In Berlin, lawmakers have banned owners from short term real property rental without first requesting permission from authorities. Hosts can be required to pay a fine of up to €100,000 if they rent more than 50% of their property space. Landlords can still rent individual rooms with the condition that they live in most of the property.
In 2018, to combat the local housing crisis, the government of Tasmania offered AU$10,000-13,000 to landlords to rent out their spaces for longer terms at lower costs instead of listing them as short term lodging.
London passed an amendment to its housing legislation in March 2015 allowing short-term lodging rentals of up to three months a year.
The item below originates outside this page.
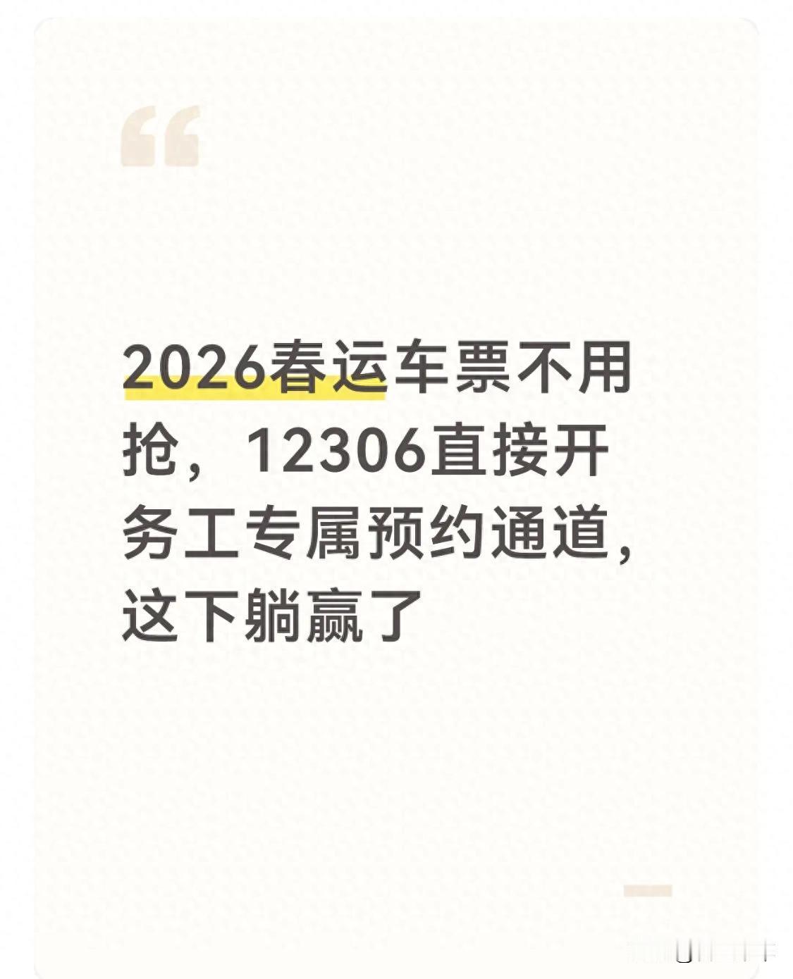 春节最迫切是什么,就是能有票回家,在外奔波一年了,谁也不想在过年的时候,还是一个人,无论多苦多累,回家,和家人团聚,是给你们一年辛劳最好的褒奖。 今年春节铁路方面又将迎来大考:预计发运旅客5.39亿人次;相当于整个欧洲总人口的70%要在春节这段时间流动;当然真实坐火车的没有这么多,但是还不包括,开车、骑摩托车返乡的人群;所以这是世界上其他任何国家难以想象的人口大迁移! 有时候真的佩服我的国,春运绝对是世界上举世无双的交通壮举!没有任何一个国家能做到! 这次铁路客运也是有针对春运的新规出台:主要是误购 30 分钟免费退,务工有专属抢票通道 ;打工返乡、回家过年都省心,赶紧记好! ① 误购车票 30 分钟内免费退:线上退票零手续费,以前手滑买错日期站点,最少扣 20% 手续费,现在彻底不心疼;我同事上周买错票,30 分钟内退了没花一分钱,重新抢票顺利搞定。 ② 务工人员专属购票通道:12306 单独开放,提交用工证明就能预约,不用和所有人抢票,成功率翻倍!年底抢票难的问题,终于有解决方案了! 三步操作谨记: 1、打开“铁路12306”App,提前完成“实名核验”。这是使用一切专属服务的前提。同时确认你是个人或1-19人的小团体(这是线上通道的主要对象)。 2、在App首页点 “我的” → 找到 “务工人员春运预约购票服务” 入口(开放至2月26日)。在里面填好出行日期、目的地和乘车人(最多19人),然后提交。这相当于“提前挂号”,比公开发售要早。 3、提交后就不用管了,系统会在开车前第16天统一“发榜”配票。你会收到短信通知结果。最关键的一步:如果成功了,必须在收到短信的当天晚上23点前付款,过时订单就自动取消了。 预祝所有的打工人,都能心想事成,顺利返家,阖家幸福,马年行大运! 温馨提示:本文内容仅供参考,政策以官方最新通知为准,健康建议请结合自身情况,维权 / 反诈请联系官方渠道。

In May 2018, Madrid announced proposals to reduce the number of lodging rentals in owner-occupied houses to help tackle "over-tourism" in the city. The plan aims to preserve residential home rentals in the central areas of the city, preventing them from becoming accommodations exclusively for tourists.
Portland, Oregon created a new zoning code in 2016 to regulate short-term lodging rentals and it includes several limitations, such as capping the number of bedrooms in a single unit that may be listed. Additionally, Portland pledged in 2015 to dedicate a portion of collected occupancy taxes to affordable housing uses.
In 2017, San Francisco passed a law requiring renters of lodging to register with the city before they can rent units. Units cannot be rented for more than 90 days a year.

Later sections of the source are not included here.